We have worked out a pretty good system of pre-packing most everything. Hooking up the rig and charging the systems takes the most time, but I can do that the evening before while DW loads the food.

Usually, we are able to get away on Friday late afternoon or evening so we get two nights out of the deal.

I like that you are looking closer at this Momma. Remember, it's the old 'Where there is a will, there is a way' thing!









Happy Trails,
Doug


----------



## CamperAndy (Aug 26, 2004)

Everything is packed except for the fresh food, drinks and weekend appropriate clothes. Maybe throw the bikes and firewood in the back of the pick up.

If you park at home the time it takes to load and go should be under an hour. Hooking up the night before works if you have the room to leave them parked.

Setting up in the dark is a challenge and may not be best to do it until you are comfortable but it can be done.


----------



## Castle Rock Outbackers (Jan 18, 2004)

Oh, it is worth it once you have a system. Everything we need for camping is in green crates in the mud room on shelves ready to put in the camper. Other than those items, we leave everything in the Outback that can safely remain there.
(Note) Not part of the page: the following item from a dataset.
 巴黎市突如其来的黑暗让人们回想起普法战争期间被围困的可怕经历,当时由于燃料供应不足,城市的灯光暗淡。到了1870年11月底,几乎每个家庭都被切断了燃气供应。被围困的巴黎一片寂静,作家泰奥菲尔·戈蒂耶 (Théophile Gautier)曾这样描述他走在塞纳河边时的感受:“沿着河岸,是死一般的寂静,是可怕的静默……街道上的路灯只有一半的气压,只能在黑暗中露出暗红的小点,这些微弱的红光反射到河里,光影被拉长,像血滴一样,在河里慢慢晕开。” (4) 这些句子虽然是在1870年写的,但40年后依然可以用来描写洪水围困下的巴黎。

If we are going camping Friday and Saturday night, I go get the Outback on Wednesday evening and plug it in and start the fridge. I perform my safety and operational checks on Thursday evening. We pack the camper Thursday night. When Friday afternoon rolls around, we are gone.

Randy


----------



## Not Yet (Dec 13, 2004)

We went through and outfitted the TT with everything that we can so there is little packing except for food and clothes. If we are pressed for time DW packs all the food into a large (100 gal) cooler that goes into the bed of the truck. CLothing goes inside in plastic bags. We finish putting everything away after we reach our destination. I can not park the TT at home (even for one night) so we load the truck and do the rest on sight. By the time I have the outside setup down, DW has everything inside put away. Going to a park near by makes the entire process easy and fast.

Jared


----------



## Castle Rock Outbackers (Jan 18, 2004)

Not Yet said:


> I can not park the TT at home (even for one night)[snapback]75770[/snapback]​


We are given 72 hours...for each week I suppose.


----------



## GlenninTexas (Aug 11, 2004)

You may do well in considering finding a place to set up and leaving your tt so you can enjoy it as much as you can with the limited time you have. I've recently purchased a few arces where we will be building our retiremnt home. I now leave my Outback there so I can work on the place on the weekends.
If your husband is working as much as you indicated in one of your previous posts, having an outlet to get away and relax will be extremely important over the long term.

Best of luck.

Regards, Glenn


----------



## Y-Guy (Jan 30, 2004)

With my wife as a teacher its tough during 9 months of the year to get away, but since we started camping with our popup we've taken a ton of weekend trips. Some very close to home, some with a 6-7 hour drive. No regrets at all. You can always find an excuse not to go, but you can't make the memories camping if you stay at home. We'll average about 2 trips a month and many of those are weekend only trips. We're very adept at packing up starting Wednesday (quads and precool) and then packing the food and clothes on Thursday. Other supplies like towels, etc. stay in the camper after they are washed once we return. Staples also stay in the camper between trips, so all we need to pack are the meats, breads, etc. I don't see our family without owning some sort of camper, its a choice we've made and something we greatly enjoy as a family.


----------



## tdvffjohn (Mar 10, 2005)

For us, I will plug in fridge early or if multiple trips are planned in a short period I leave it plugged in. If that is not possible I will put anything that belongs in the camper fridge in a container and put the entire container in the fridge at home for easy transfer.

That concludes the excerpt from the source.